The MIT Technology Review has taken issue with Tesla and SpaceX CEO Elon Musk’s latest demonstration of his Neuralink brain implant technology which was revealed at a recent event in which pigs implanted with the interface were showcased. According to the Review, Musk’s brain research is “neuroscience theater.”
In a recent article from the MIT Technology Review titled “Elon Musk’s Neuralink is Neuroscience Theater,” the Review takes issue with Elon Musk’s recent Neuralink event in which a number of pigs that had been fitted with the brain-computer interface were shown on stage.
The MIT Technology Review writes that Elon Musk promises Neuralink will cure blindness, deafness, and mental illness, among other claims, but that Musk isn’t close to any of these breakthroughs:
None of these advances are close at hand, and some are unlikely to ever come about. But in a “product update” streamed over YouTube on Friday, Musk, also the founder of SpaceX and Tesla Motors, joined staffers wearing black masks to discuss the company’s work toward an affordable, reliable brain implant that Musk believes billions of consumers will clamor for in the future.
“In a lot of ways,” Musk said, “It’s kind of like a Fitbit in your skull, with tiny wires.”
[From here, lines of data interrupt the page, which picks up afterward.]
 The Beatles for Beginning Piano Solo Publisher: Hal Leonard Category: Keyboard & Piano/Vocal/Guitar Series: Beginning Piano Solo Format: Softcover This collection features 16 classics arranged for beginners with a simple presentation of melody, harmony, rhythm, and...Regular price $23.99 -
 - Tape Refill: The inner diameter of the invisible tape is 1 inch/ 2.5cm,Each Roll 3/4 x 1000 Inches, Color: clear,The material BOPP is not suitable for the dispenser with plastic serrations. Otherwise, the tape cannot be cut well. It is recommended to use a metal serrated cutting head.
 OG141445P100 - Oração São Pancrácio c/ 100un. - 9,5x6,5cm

The Review notes that although the recent Neuralink event was described as a product demonstration, there is still no product for sale or a timeline for the future. The Review further notes that Neuralink is not the first to believe that brain implants could extend or restore human capabilities, in the late 1990s researchers began placing probes in the brains of paralyzed people in order to show that signals from the brain could let them move robot arms or computer cursors.
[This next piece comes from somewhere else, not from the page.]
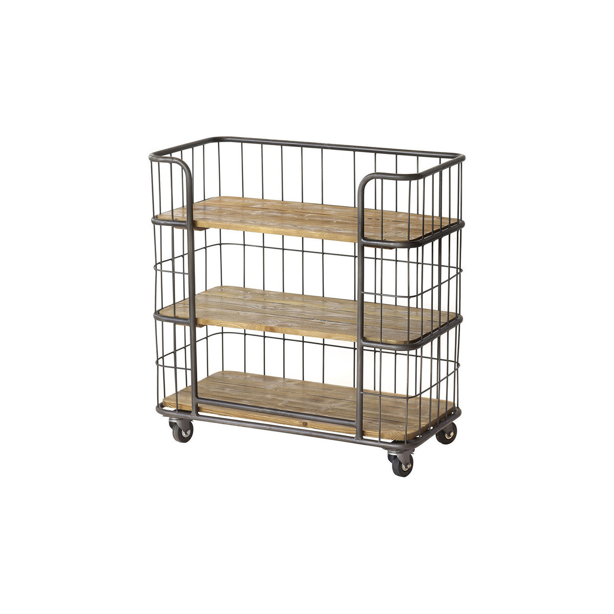 Looking for some portable storage? This three-tier shelf unit from Parlane is for you. With three wooden shelves encased in a metal cage, this unit is also on wheels, so you can move around the home wherever you need it.
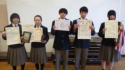 12月17日(水)、テレビ放送にて表彰を行いました。大会やコンクール等において「Keep going・生きる ~一生懸命はかっこいい~」のスローガンを体現し、素晴らしい成績を収めることができました。日頃の積み重ねが、大きな成果となって表れました。この喜びを糧に、今後もさらなる高みを目指して成長し続けていくことを期待しています。

The Review noted that during the demonstration, Musk avoided giving a timeline for release of the Neuralink product.
The Review also noted that Musk’s main attraction at the event — three pigs — was nothing that scientists hadn’t seen before:
In tweets leading up to the event, Musk had promised fans a mind-blowing demonstration of neurons firing inside a living brain—though he didn’t say of what species. Minutes into the livestream, assistants drew a black curtain to reveal three small pigs in fenced enclosures; these were the subjects of the company’s implant experiments.
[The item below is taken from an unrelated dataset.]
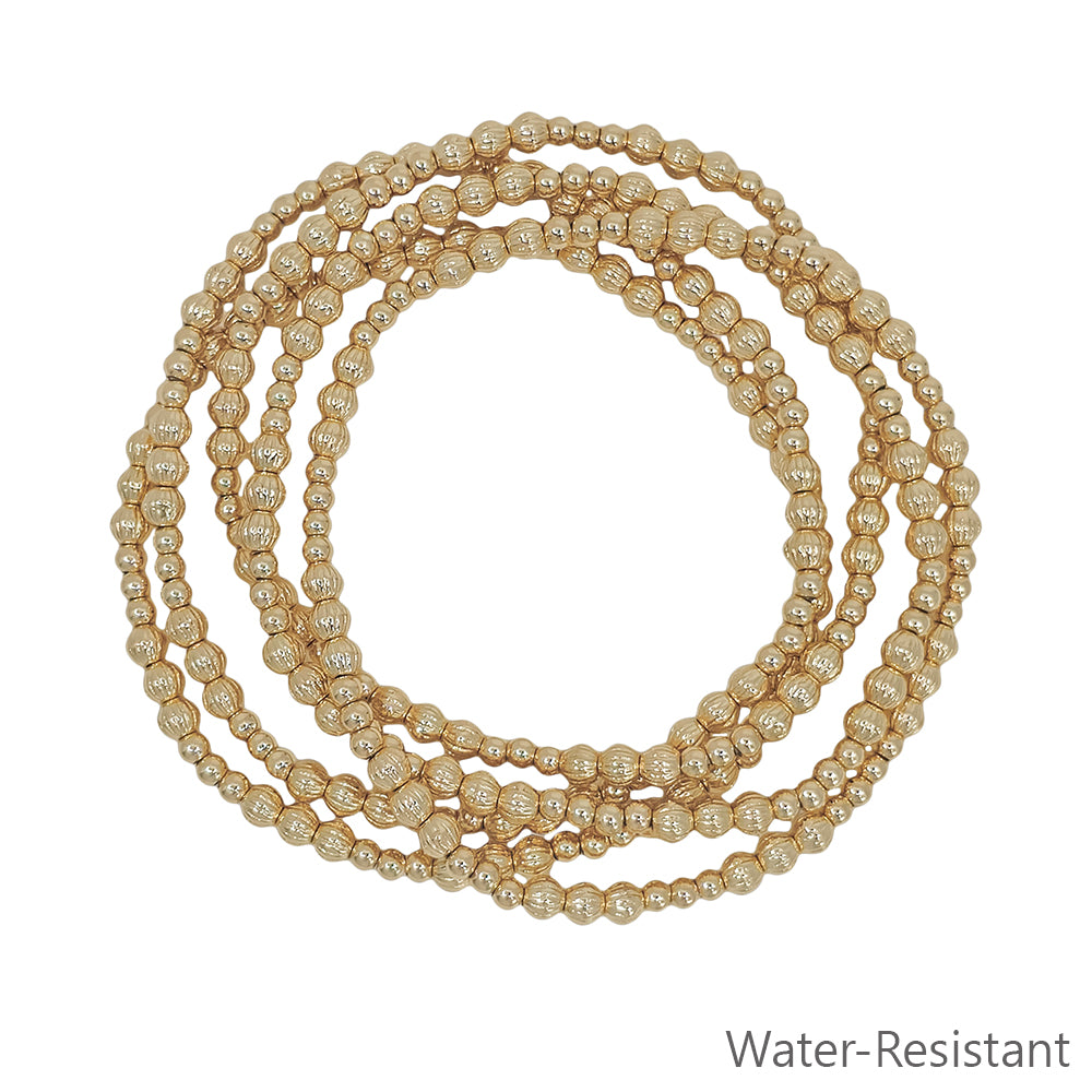 Water Resistant Set of 5 4MM and 3MM Beaded Stretch Bracelets

The brain of one pig contained an implant, and hidden speakers briefly chimed out ringtones that Musk said were recordings of the animal’s neurons firing in real time. For those awaiting the “matrix in the matrix,” as Musk had hinted on Twitter, the cute-animal interlude was not exactly what they hoped for. To neuroscientists, it was nothing new; in their labs the buzz and crackle of electrical impulses recorded from animal brains (and some human ones) has been heard for decades.